• SUPPLIED ENTRIES:

---+---

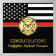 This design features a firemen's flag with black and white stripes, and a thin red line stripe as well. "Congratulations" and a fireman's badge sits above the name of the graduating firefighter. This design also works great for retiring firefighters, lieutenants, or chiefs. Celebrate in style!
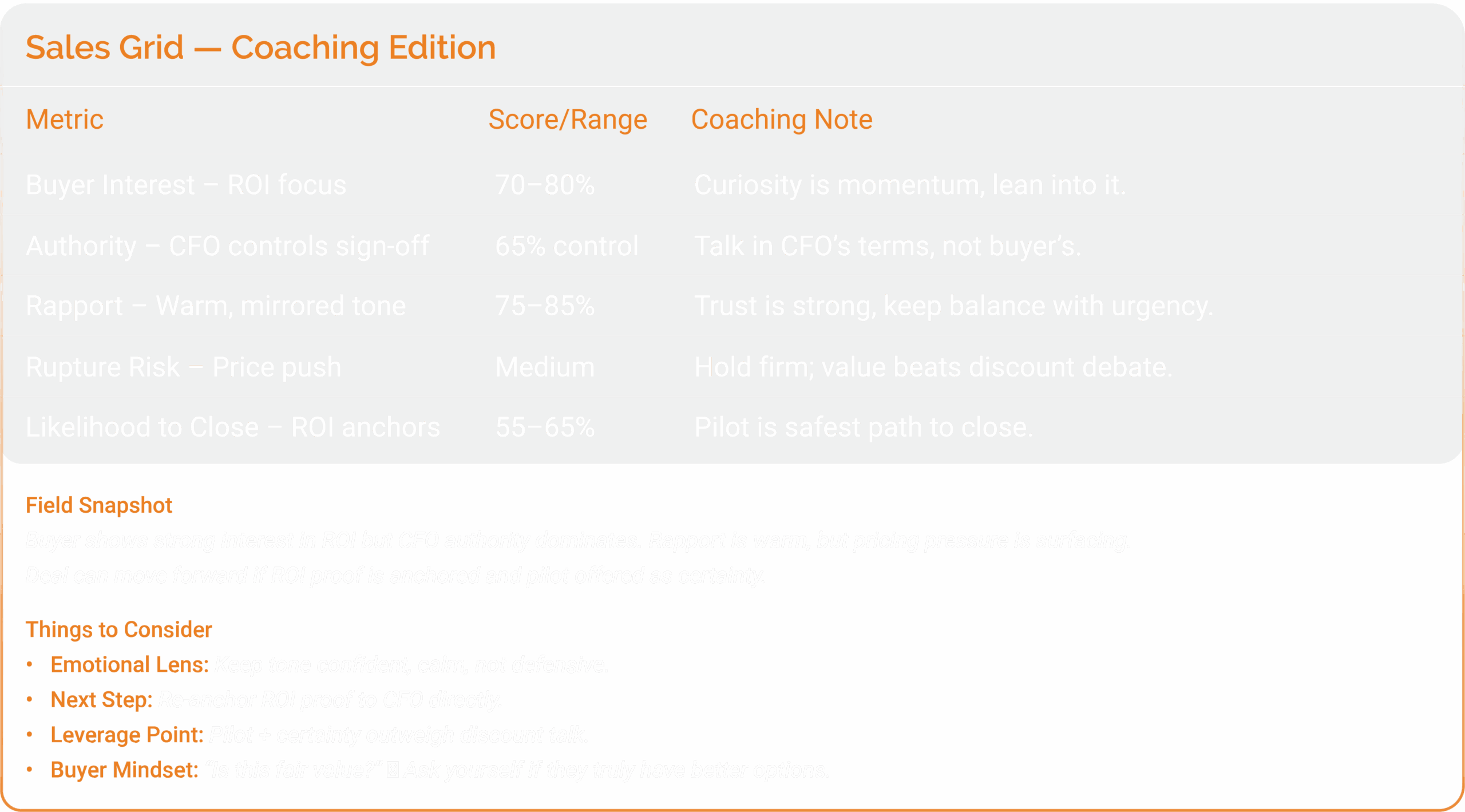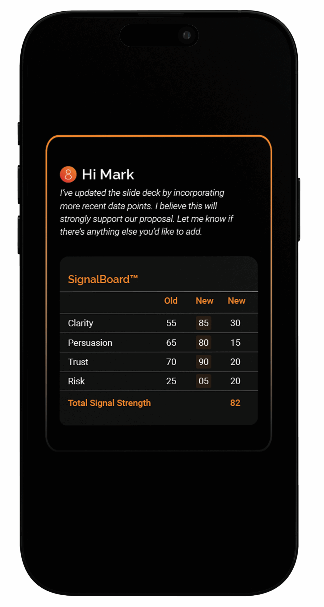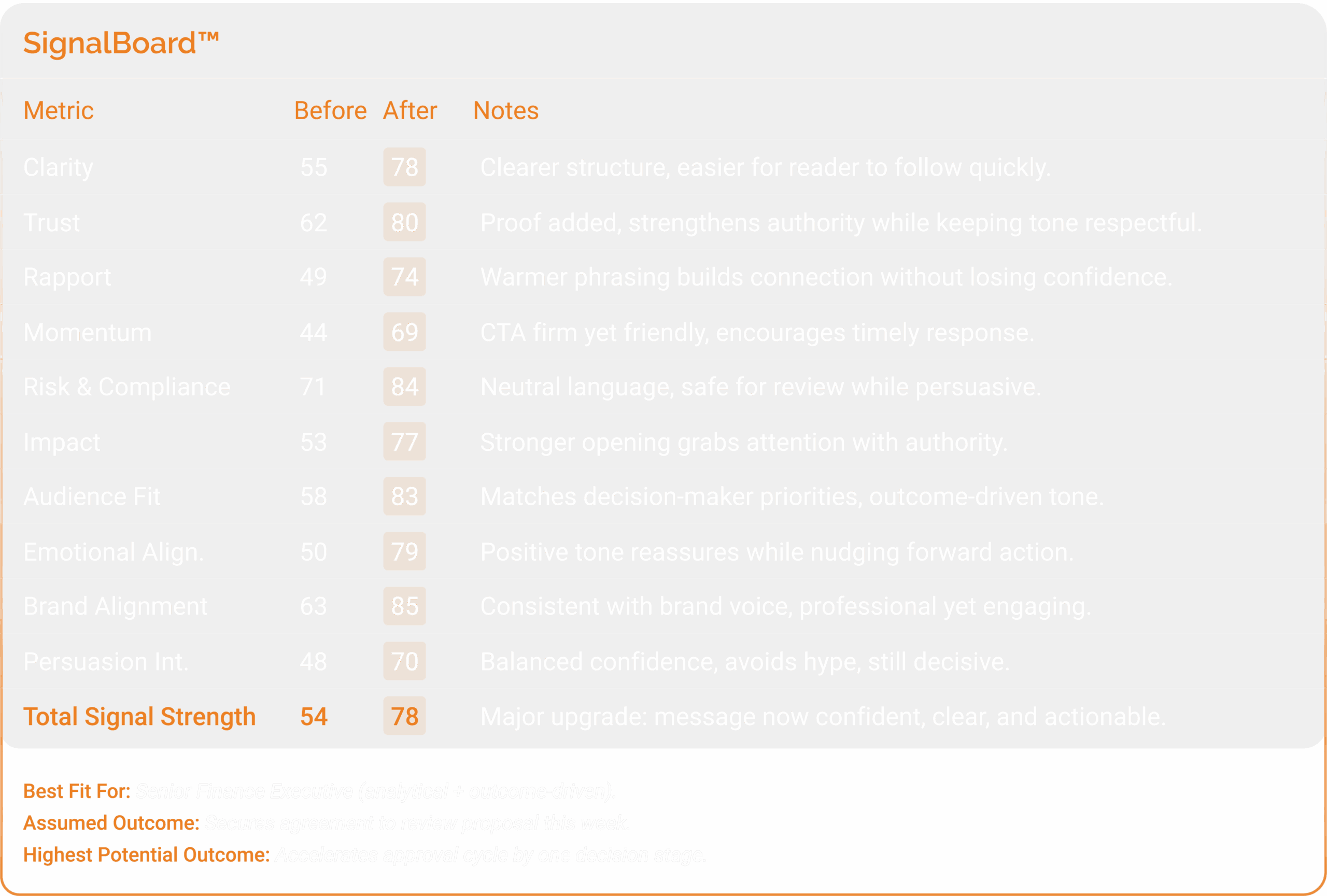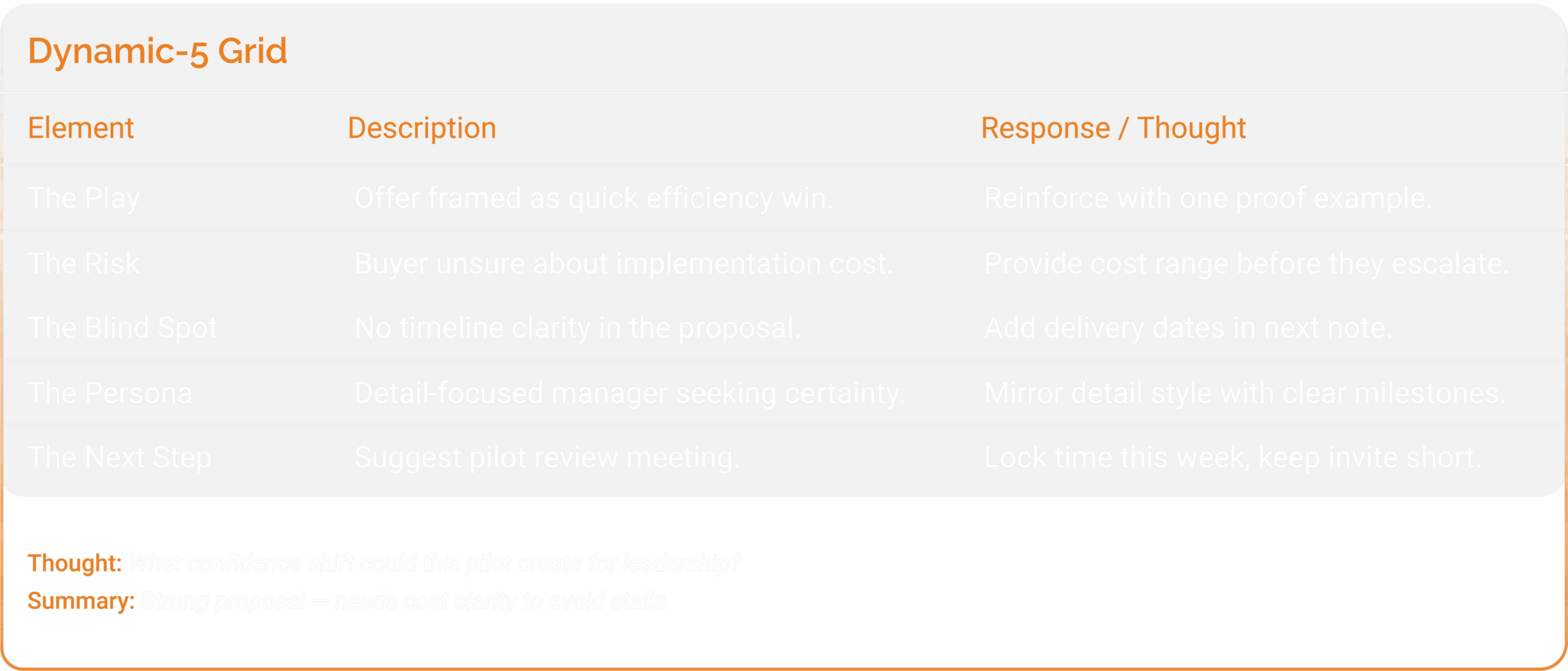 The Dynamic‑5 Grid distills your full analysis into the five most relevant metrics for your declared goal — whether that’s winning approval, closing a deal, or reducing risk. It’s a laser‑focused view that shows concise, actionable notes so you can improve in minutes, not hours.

---+---

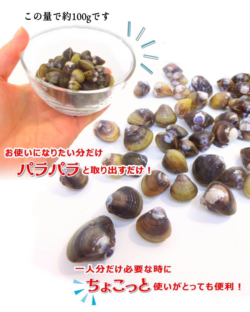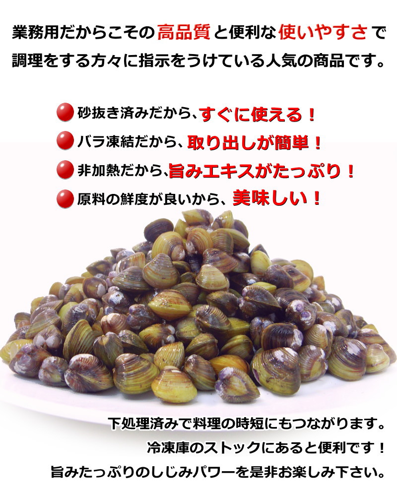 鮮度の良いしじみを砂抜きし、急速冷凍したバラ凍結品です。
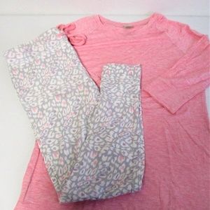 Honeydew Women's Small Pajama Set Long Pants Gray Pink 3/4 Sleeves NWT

---+---

• ACTION ITEM: Keep to the stretch from the line containing "This design features" through the line containing "The Dynamic‑5 Grid", both ends included, and copy it exactly from the listing above, minus the pictures.

• ANSWER BELOW:
 This design features a firemen's flag with black and white stripes, and a thin red line stripe as well. "Congratulations" and a fireman's badge sits above the name of the graduating firefighter. This design also works great for retiring firefighters, lieutenants, or chiefs. Celebrate in style!
 The Dynamic‑5 Grid distills your full analysis into the five most relevant metrics for your declared goal — whether that’s winning approval, closing a deal, or reducing risk. It’s a laser‑focused view that shows concise, actionable notes so you can improve in minutes, not hours.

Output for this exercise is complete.